Mr. Keskin and his wife have a cell phone plan that charges them $5 for 200 text messages per month for each of their phones. The Keskins are charged an additional $0.12 for each text message over their 200-text-message limit. Their carrier has offered them unlimited text messages for both lines for $30. What is the maximum number of text messages that they can send in a month to keep their current plan as the better deal? What is the minimum? Explain.
for m minutes,
current plan: 5.00 + .12(m-200)
proposed plan: 30.00
so, we want solve
5.00 + .12(m-200) < 30.00
m < 409
Please explain, i'm having trouble understanding.
do you understand the expressions for the current and proposed plans? Those are just symbols for the words that described the plans. Read the problem carefully, and wherever they give some information, write it down in numbers or symbols.
To solve for m, just do the regular steps for solving an equation:
5.00 + .12(m-200) < 30.00
5.00 + .12m - 24 < 30
.12m < 49
m < 408.3
Assuming charges are for whole messages, that means m < 409.
Ohh ok thank you! I understand now!
To determine the maximum and minimum number of text messages the Keskins can send in a month to keep their current plan as the better deal, we need to compare the costs of both options.

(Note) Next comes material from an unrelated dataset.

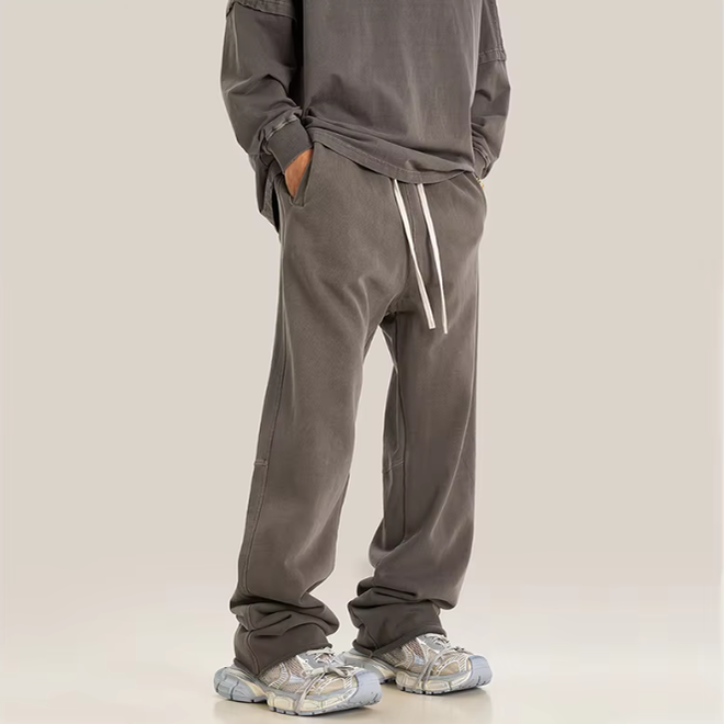 2 Prs 400gsm Cotton Blend Washed Anti Pilling Casual Straight Leg Mens Pants

Under their current plan, the Keskins pay $5 for 200 text messages per month for each of their phones. For a combined total of 2 phones, they pay $5 x 2 = $10 for 200 text messages each.
For any text messages over their limit of 200, they are charged an additional $0.12 per text message. Let's assume they send x text messages over their limit. Therefore, the additional cost for exceeding the limit would be $0.12 * x.
Now, let's compare this cost to the cost of the unlimited text messages plan, which is $30.
To determine the maximum number of text messages, we need to find the point where the cost of the current plan (including overages) is equal to the cost of the unlimited plan.
For the current plan, the cost is $10 (for 200 messages each) + $0.12x (overage fee).
So, we have: $10 + $0.12x = $30
Subtracting $10 from both sides, we get: $0.12x = $20
Dividing both sides by $0.12, we find: x = 166.67
Since we cannot have a fraction of a text message, the maximum number of text messages the Keskins can send to keep their current plan as the better deal is 166 (rounded down to the nearest whole number).
To determine the minimum number of text messages, we need to find the point where the cost of the unlimited plan is less than the cost of the current plan (including overages).
For the current plan, the cost is $10 (for 200 messages each) + $0.12x (overage fee).
So, we have: $10 + $0.12x > $30
Subtracting $10 from both sides, we get: $0.12x > $20
Dividing both sides by $0.12, we find: x > 166.67
Since x represents the number of text messages and it cannot be a fraction, we round up to the nearest whole number. Therefore, the minimum number of text messages the Keskins can send to keep their current plan as the better deal is 167.
In summary, the maximum number of text messages the Keskins can send in a month to keep their current plan as the better deal is 166, while the minimum number is 167.